All Lane had to do was grow his beard.

"I don't dare shave," he says. "I'm not a superstitious person. but I'm also not one to push the envelope."

The same goes for his son, whose beard has taken on a life of its own. As the Steelers season has steamrolled, so has The Beard. It's been called the best beard in sports. A thing of legend. Glorious. The Steelers Secret Weapon. The Beard has its own Twitter page and Facebook page (Brett Keisel's Beard). It's been on magazine covers and in newspapers from coast to coast. It has its own T-shirt line. The other day it had its own press conference. If the Steelers win the Super Bowl it just might be enshrined forever in the Hall of Fame.

Since last June, Brett's beard has grown to immense dimensions. It could double as a blanket.

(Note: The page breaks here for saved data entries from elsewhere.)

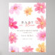 This bright and vibrant baby in bloom baby shower welcome sign poster features a stunning arrangement of wildflowers in bold, summery colours. This design features various petal hues of pink, orange and yellow to perfectly welcome your friends and loved ones in a budget-friendly way!
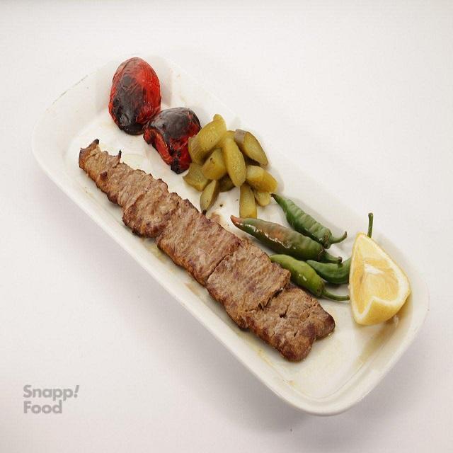 یک سیخ کباب لقمه مخلوط گوشت گوساله و گوسفندی 270 گرمی ، دورچین : گوجه کبابی ، فلفل کبابی ، پیاز ، سیب زمینی سرخ شده ، یک عدد نان لواش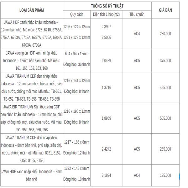 BẢNG BÁO GIÁ CÁC DÒNG SẢN PHẨM CỦA SÀN GỖ JAVA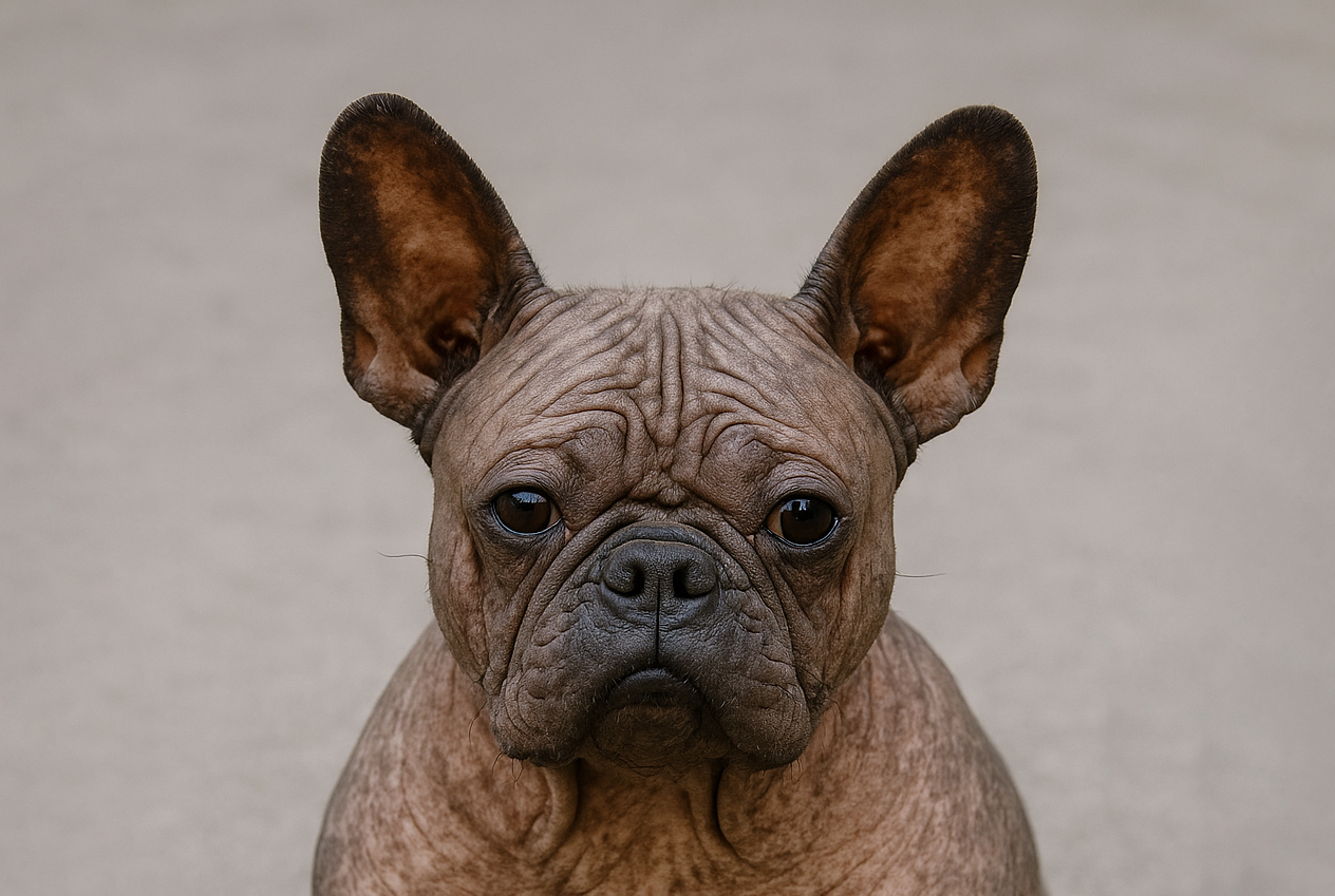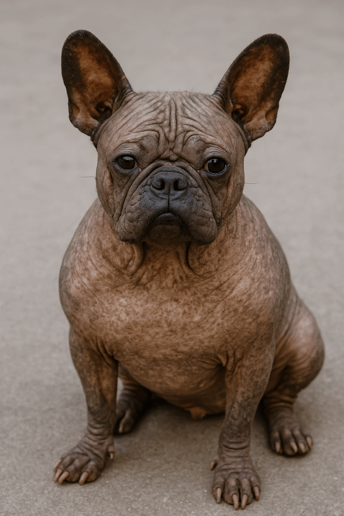 Петуния – бесшерстная французская бульдожка-метис — или, как сказала ее владелица Шеннон Найман, «естественно обнаженная». Петуния и ее братья и сестры были сданы хозяином-коллекционером из Лас-Вегаса, но теперь она живет комфортной жизнью в Юджине, штат Орегон.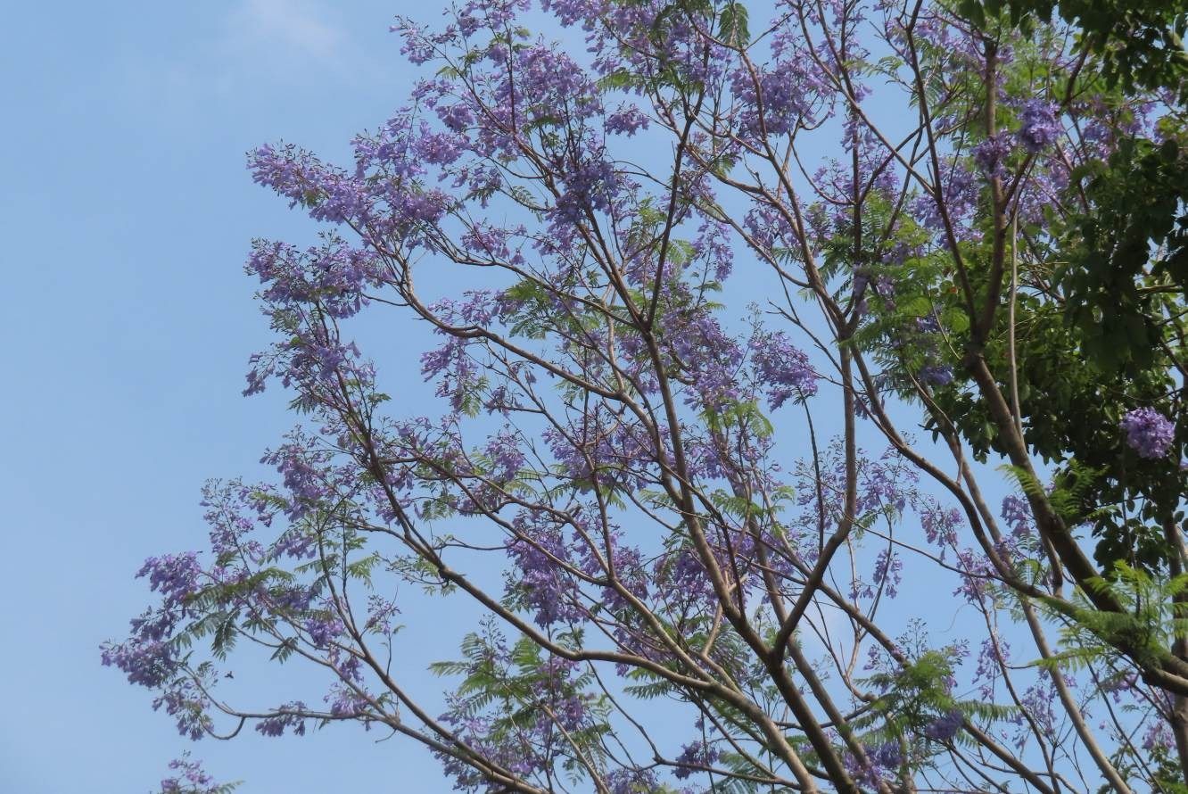 公園處園藝工程隊楊國瑜隊長表示,藍花楹是紫葳科藍花楹屬的植物,同科的著名觀賞花木還有洋紅風鈴木、黃花風鈴木、黃鐘花等,但藍花楹的葉片並非掌狀葉,而是呈現更為纖柔的二回羽狀複葉,宛如藍孔雀那飄逸的尾羽隨風飄盪,所以藍花楹也有個豆科蘇木亞科的異姓兄弟紅花楹,也就是大名鼎鼎的鳳凰木,鳳凰木宣告夏季的來臨與畢業的展翅高飛,藍花楹則是在春末用藍紫色如海洋的花朵及輕拂飄動的羽狀葉,體貼地讓路上的行人一點點適應氣溫的暖熱。浪漫亭綠地內還有栽植大株的樟樹,大家在賞花時還能看到疾速飛行的青帶鳳蝶在樟樹嫩葉上產卵,生動烘托天母的雅緻風景。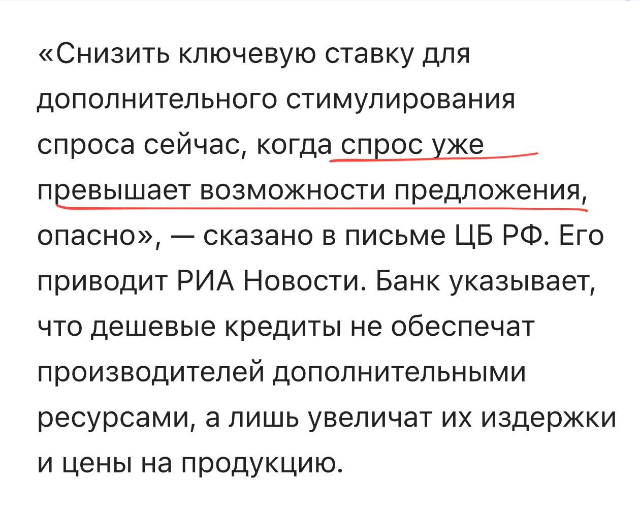 🤓 В своем обосновании удержания ставки ЦБ фиксирует любопытный факт — «спрос [потребительский, в том числе] уже превышает возможности предложения».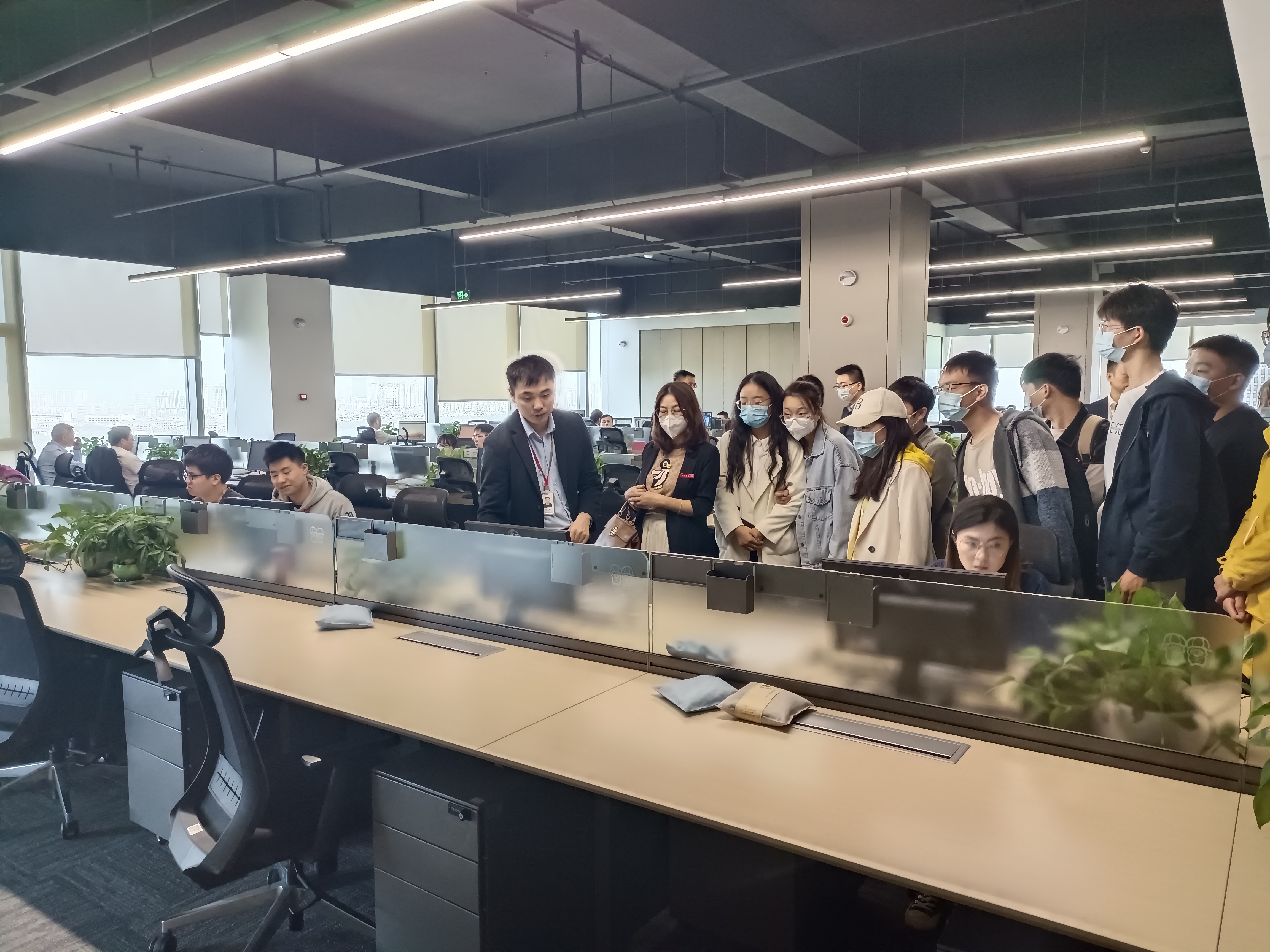 抵达双胞胎集团后,学院师生参观了双胞胎集团总部,了解双胞胎集团的办公生活环境、数字化集成供应链共享平台、标准化工厂建设、现代化规模养猪场景。其后,在交流座谈会上,与会双方围绕企业人才政策、招聘需求、集成供应链、饲料与服务产品线以及养猪产品线岗位设置开展了热烈的交流讨论;双胞胎集团在岗的江农员工代表温祥贵、刘旺、赵为庭结合自身在双胞胎集团工作的成长与收获给有意加入双胞胎集团发展的学弟学妹们答疑解惑。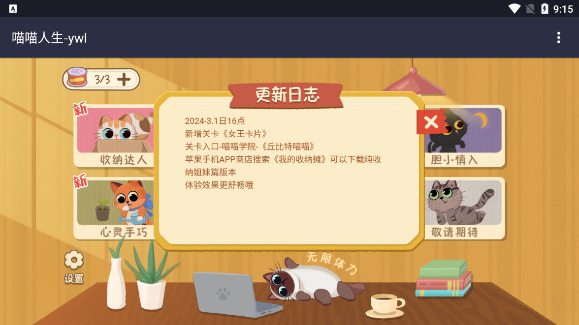 喵喵人生拥有丰富的关卡设计,每个关卡都有不同的收纳任务和难度。随着游戏的推进,玩家将逐渐解锁更多具有挑战性的关卡,如多层收纳、限时收纳等。这些关卡不仅考验玩家的收纳技巧,更考验玩家的耐心和创造力。只有真正掌握了游戏的精髓,才能在收纳物语的旅程中不断进步。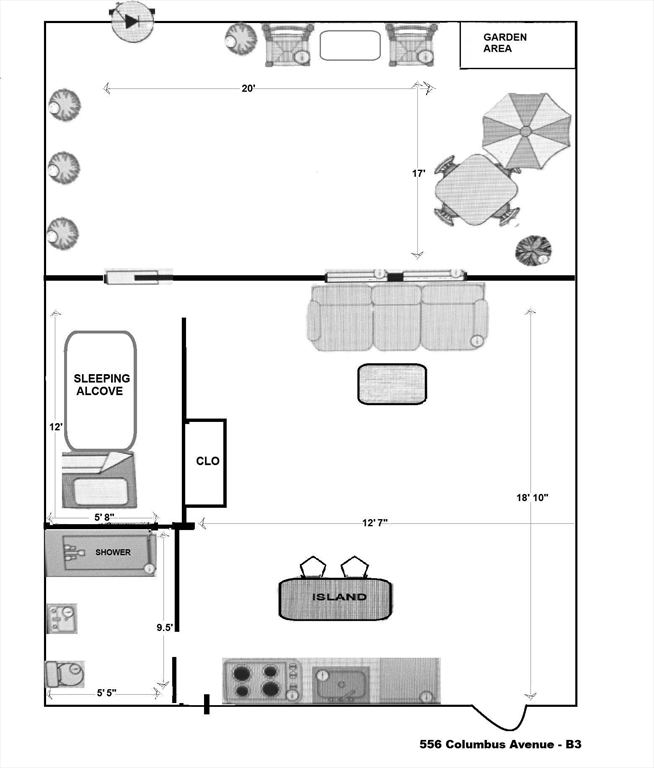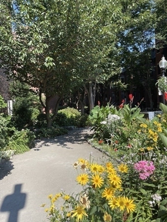 Sunny Private Backyard Oasis – South End Gem--Welcome to your private fenced outdoor paradise in the heart of the South End! This exclusive-furnished Southwest-facing patio is nestled beneath a grove of mature trees - ideal for grilling, lounging, or hosting unforgettable gatherings. There’s ample space -- furnished with table and chairs, but plenty of room for sectional, hammocks, and more if you'd like to add to existing pieces. This rare backyard retreat is reserved solely for this unit. Step inside to a bright, open-concept furnished living, dining, and kitchen area framed by a full-glass door that brings the outdoors in. Enjoy high ceilings, warm hardwood floors throughout, and a modern, oversized tile shower in the beautifully updated bath. A cozy side sleeping alcove and on-site laundry add to the convenience. This is the sunniest terrace patio in the South End - an entertainer’s dream and a true urban escape. Can be rented unfurnished as well.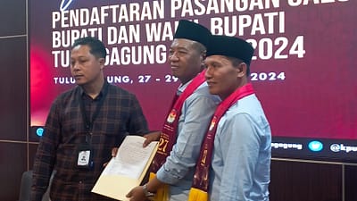 “Dan pada hari ini Rabu tanggal 28 Agustus 2024 ,bersama partai pengusung dan para relawan, kami ikut mengantar dan mengawal pasangan GABAH mendaftar ke KPUD Tulungagung, selanjutnya seluruh pengurus Pimcab juga Pimcam partai PKN Tulungagung sudah berkomitmen akan mendukung dan berjuang memenangkan Bapak. H.Gatut Sunu Wibowo,S.E.,M.E dan Bapak.Ahmad Baharudin ( GABAH ) menjadi Bupati dan Wakil Bupati Tulungagung pada Pilkada 2024 ini ” Tutur Imam Turmudi,SH kepada awak media disela sela kegiatan pendaftaran pasangan GABAH di KPUD Tulungagung.Pasangan H. Gatut Sunu Wibowo, S. E., M. E dan Ahmad Baharudi ( GABAH ) dijadwalkan akan mendaftarkan diri pada hari ini rabu tanggal 28 Agustus 2024 pkl 10.00 wib, ke KPUD Tulungagung.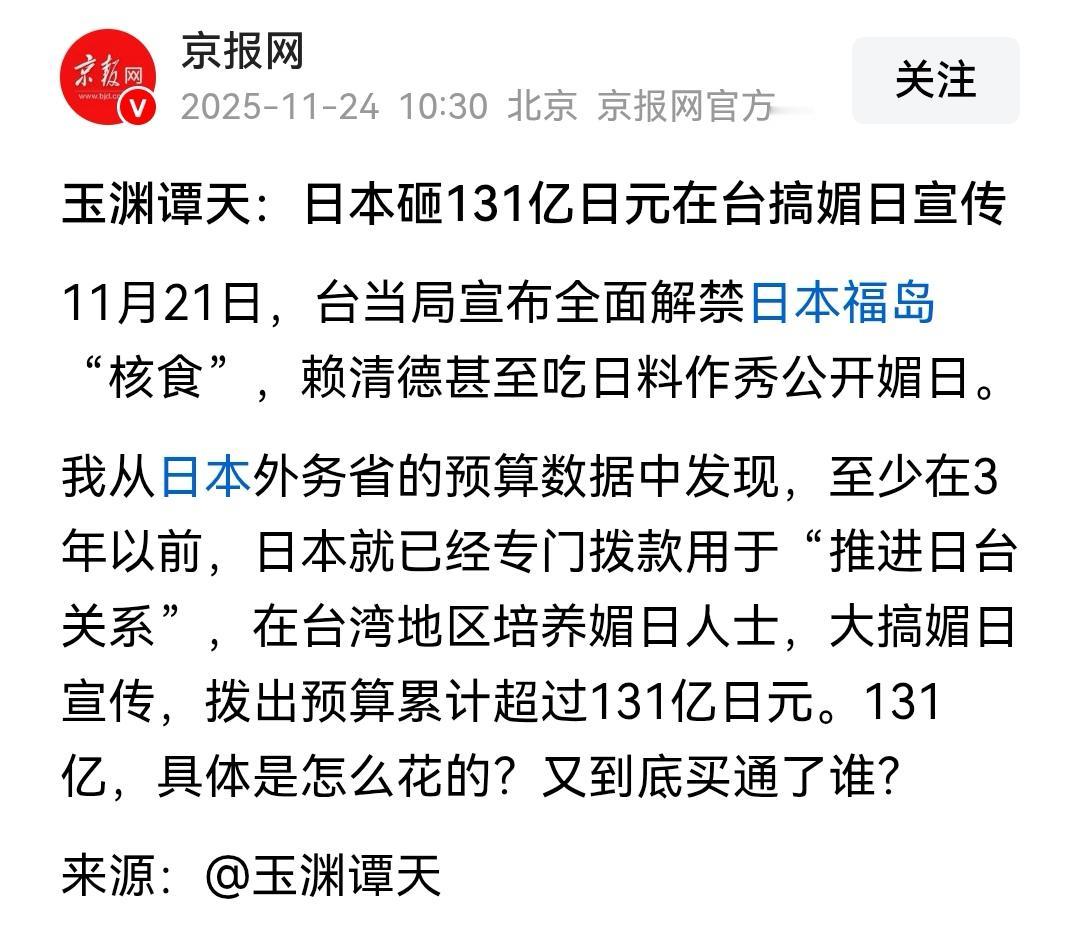 快讯!快讯! 惊爆!日本砸131亿日元培植台“媚日”傀儡 11月24日,据《上观新闻》转“玉渊潭天”报道,日本外务省至少在3年前,就专门拨款131亿日元(6.3亿人民币),用于“推进日台关系”,在台湾地区培养媚日人士,大搞媚日宣传。资料显示,这笔巨款用途为“深化日台民间纽带”,实际用于资助日语教材出版、亲日网红孵化及历史纪念活动,实为“文化渗透”。 [刀]主要龌龊事:1.派送“滤毒”书籍,将篡改真实历史,否定侵略,否定慰安妇等内容的书籍投放学校,企图用掩盖事实的手段,美化日本行为。 2.普及资助“日语特色课程”,加紧对“媚日”文化输出,毒台未成年人。 3.网络散播谣言和注入日本毒素,孵化培养200名网红达人,宣扬日本文化,每人每月30万日元的创作补贴。 4.加强基础设施建设,剔除侵略元素。如,日本“记忆传承协会”资助拍摄《台湾高座会物语》,将二战期间强迫赴日劳作的台湾少年工重塑为“技术留学生”。 5.资助建设网络,实时传输日本动漫和历史叙事,用糟粕的文化毒害青少年。 6.加强街头、巴士、宾馆和餐饮日本文化宣传,贬低丑化大陆社会现状,实时报道日本新闻。 7.贿赂“台独”政要和“台独”分子,让其迷失价值观,成为金钱的奴隶,肝心涂地成为真正的汉奸。 [狗头]讲几句:日本把台湾作为制约中国崛起的一枚重要棋子,觊觎台湾已久,想尽一切办法鼓动“台独”分裂,并借台湾得天独厚的地理位置为其发展海上贸易,以及转运生活物资提供方便。 这种经费投资,搞“媚日”文化侵略如同“毒品”输送,毒害之深,影响极坏。从前期中国暂停日本水产,台湾民进党当局以赖清德为首的政要主动现身“叫板”大陆,做宣传吃“日料理”,再到台湾生产印有“台日”友好的高市早苗巧克力,足以见的这股“媚日”风在台湾已经成为气候,根深之久,日本的阴谋正在得逞。 邪不压正。打击日本“媚日”文化输出,首先,要深刻揭露其罪恶行径,通过网络媒介等途径让台湾民众认清危害。其次,发动台湾爱国者人士坚决抵制,炮轰日本和“台独”分子勾连的罪行。最后,加强中华文明优良传统文化输出,用正义正能量压倒歪风邪气。赖清德声援高市早苗 台民众愤怒抗议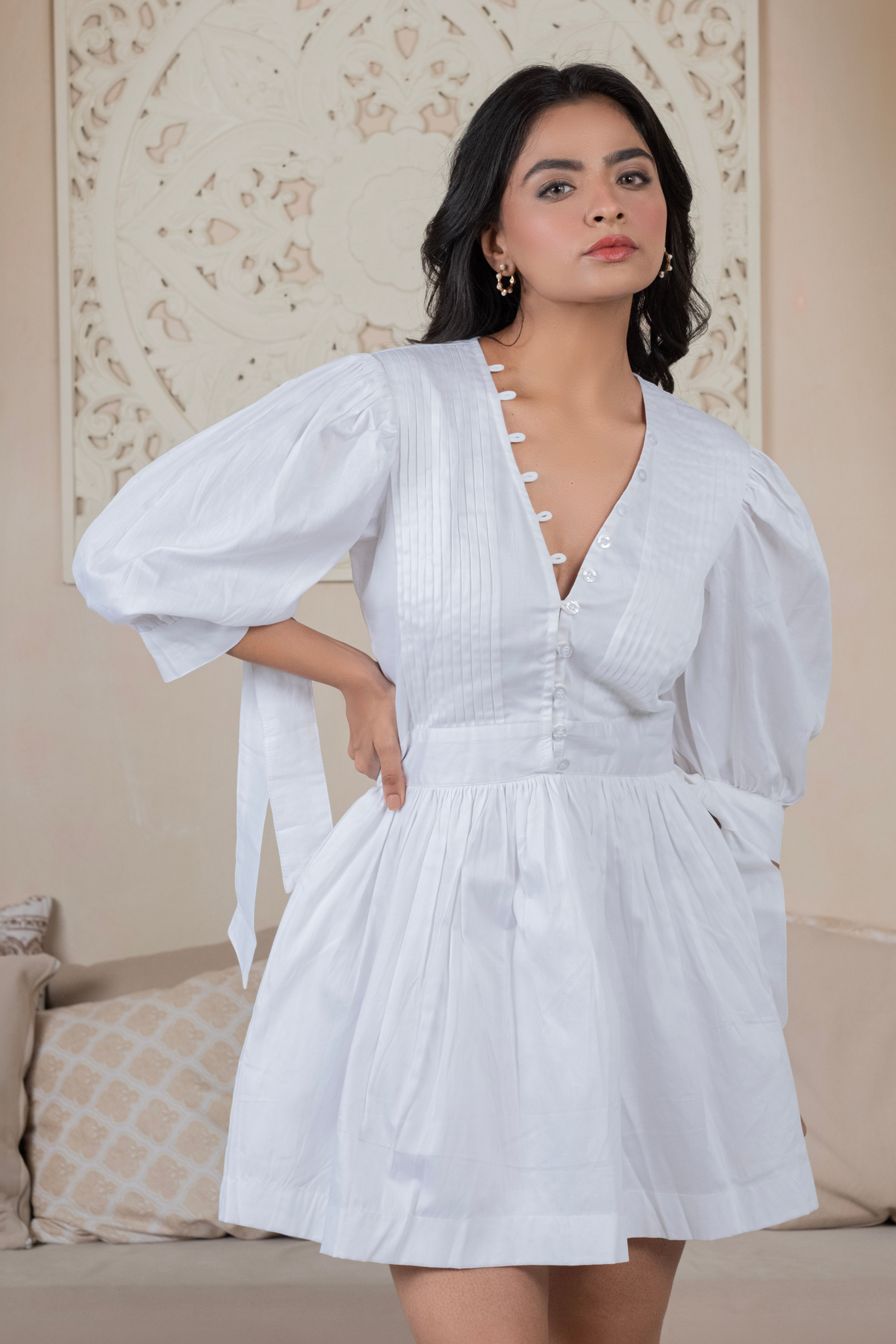 It's a Italian cotton Puff sleeves with tie closure dress. Pleating on the bust with loop and button detailing. It is fully lined white dress.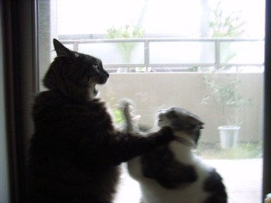 ニャンズには癒されていると同時に、ストレスも与えられています。まぁ、これは相互かもしれませんが・・・先日、嬉しかったのは、朝起きたら、レオぽんが私の右、あみちゃんが私の左に寝ていたこと。ストレスは、2ニャンズが朝と夕方喧嘩をすることです。この前、あみちゃんとレオぽんが恐ろしい形相で喧嘩している写真を撮りました。ボケてるけど・・・ちょっと怖い顔です。覚悟して見てね。

Small children could play in it.

His dad's, on the other hand, is more George Clooney than Grizzly Adams.

Lane strokes it caringly.

"I said I wouldn't cut it," he says, "I didn't say I wouldn't trim it."

One person who is not a bit surprised that no male in the family has shaved since last June — not Brett nor Lane nor Brett's brother Chad nor his brother-in-law Paul nor any number of other relatives, or that it was Brett who got it started — is Connie Keisel.

"Brett's always had this ability to have fun, to remember that it's still a game," says his mother.

It helps explain how a rather unheralded seventh round draft choice out of BYU in 2000 is still playing professional football nine years later, on the same team, and chasing his third Super Bowl ring.

His football stock just keeps rising -- from his days playing at small Greybull High School in Wyoming (his parents are both from Utah and moved back after Brett graduated from high school), to Snow and BYU and finally the NFL. Keisel was a reserve on the Steelers team that won Super Bowl XL in 2006 over the Seattle Seahawks and a starter two years ago in Super Bowl XLIII when his fumble recovery with five seconds left effectively sealed Pittsburgh's 27-23 win over the Arizona Cardinals.

All that was prelude for the Year of the Beard.

And after Sunday's big game?

Connie reports that Brett's wife, Sarah, put a razor in his stocking for Christmas.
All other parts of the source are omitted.